The development of Métis-specific child welfare institutions is in its infancy. The federal government does not provide funding for these services, taking the position that it is not responsible for Métis peoples, or indeed for any Aboriginal peoples who do not live on reserves. The government fought for twelve years to stop litigation aimed at obtaining a legal ruling on federal jurisdictional obligations with respect to Métis and “non-status Indians.” In April 2014, the Federal Court of Appeal ruled in Daniels v. Canada that Métis are included as “Indians” within the meaning of the Constitution Act, 1867, which would mean that the federal government does indeed bear responsibility for Métis peoples.233 The Federal Court of Appeal dismissed a lower court’s finding that “non-status Indians” also fall within federal jurisdiction.234 Both sides have appealed to the Supreme Court. It is anticipated that the Supreme Court will hear the case in 2015.235 In the meantime, Métis children rely upon provincial child welfare agencies that, for the most part, are not designed to meet their unique needs.
There are some exceptions. The most developed Métis child welfare system is in Manitoba, where the first Métis child and family service agency in Canada was opened in 2000 as a result of an agreement between the province and the Manitoba Metis Federation.236 Today, Métis peoples in Manitoba requiring child and family services receive culturally appropriate services from the Métis Child and Family Services Authority, delivered by the Métis Child, Family and Community Services and the Michif Child and Family Services Agency. The creation of this Métis-specific child welfare authority may lead to the more accurate identification of Métis children in care over time.

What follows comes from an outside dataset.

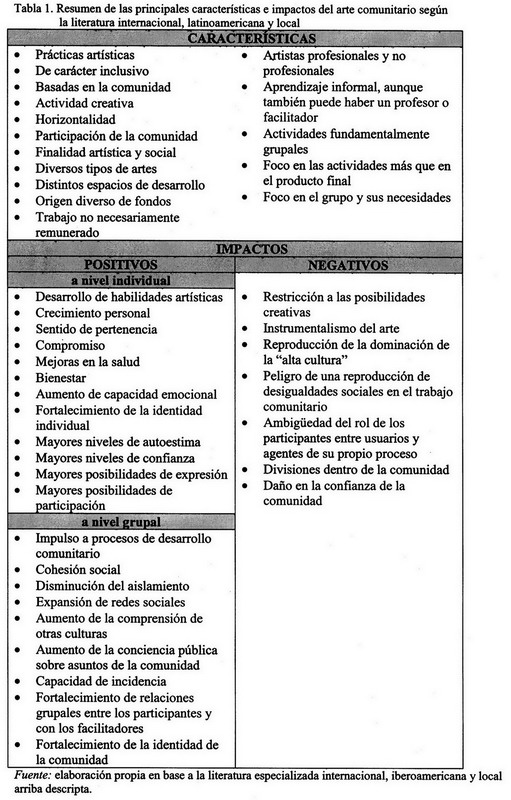 Este artículo revisa el término “arte comunitario” (community arts). En primer lugar se hace un breve recorrido histórico a nivel internacional, en tanto es un término surgido principalmente en diferentes países angloparlantes y utilizado para describir prácticas artísticas de naturaleza grupal, que implican la participación en un proceso creativo y su desarrollo en la comunidad. Se presentan sus antecedentes, definiciones, impactos y metodología aplicadas. Del mismo modo, se presenta una revisión bibliográfica en base a la literatura en español, en tanto se entiende que esta noción no puede comprenderse exclusivamente desde tal perspectiva para estudios alejados de aquellos ámbitos; aquí se intenta analizarlo dentro de la complejidad latinoamericana frente a la herencia anglosajona del término. El fin último es conocer si este término es aplicable en el ámbito local y cuál es el grado de avance en la investigación académica sobre el arte comunitario en estos contextos.Archivos adicionales
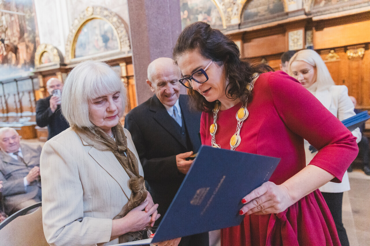 Gdańsk. Dwór Artusa. Jubileusz Par Małżeńskich - Złote Gody, podczas których Prezydent Gdańska Aleksandra Dulkiewicz wręczyła medale za długoletnie pożycie małżeńskie

In Alberta, the province funds municipalities as well as Métis settlements for Métis child welfare services,237 such as the Metis Child and Family Services Society in Edmonton and the Métis Calgary Family Services Society. In British Columbia, five Métis child and family service agencies deliver services while a non-profit organization, the Métis Commission for Children and Families, consults with the provincial government.238
Little progress has been made in Ontario, but the Métis Nation of Ontario has made recommendations to the provincial government to better adapt child welfare laws to the needs of its community. The Nation has recommended amendments to the Child and Family Services Act to allow for Métis-run child and family services. It has also suggested changes to the collection of data to identify Métis children in care, and better training for social workers to work effectively and respectfully with Métis families. As of spring 2015, these recommendations have not been implemented.239
Inequitable access to the kinds of health and healing services that can prevent the need for child welfare interventions further undermines the effectiveness of child welfare services. Health disparities, high unemployment, inadequate housing, and educational issues need to be addressed to ensure that Métis children have the best chance for a happy and healthy life.240
Métis Elder Leanne Laberge from British Columbia stressed the importance of taking every opportunity to take the Métis spirit into spaces where Métis people need to be represented.241 In spite of the geographical differences of Métis peoples in Canada, Métis peoples are an extended family. In upholding the extended family, the role of Métis women will be critical, since “women are the teachers” who keep family information, stories, inspire the work ethic, and “look after the spiritual needs and knowledge of the family.”242
Métis who were involved with residential schools or the child welfare system will need supports to ensure that they can reconnect with their traditions and “to recover what has been stolen in terms of their family stories, their cultural identity, and their ancestral pride.”243 It is not only the children taken who require such supports—the parents, extended families, and communities have also suffered.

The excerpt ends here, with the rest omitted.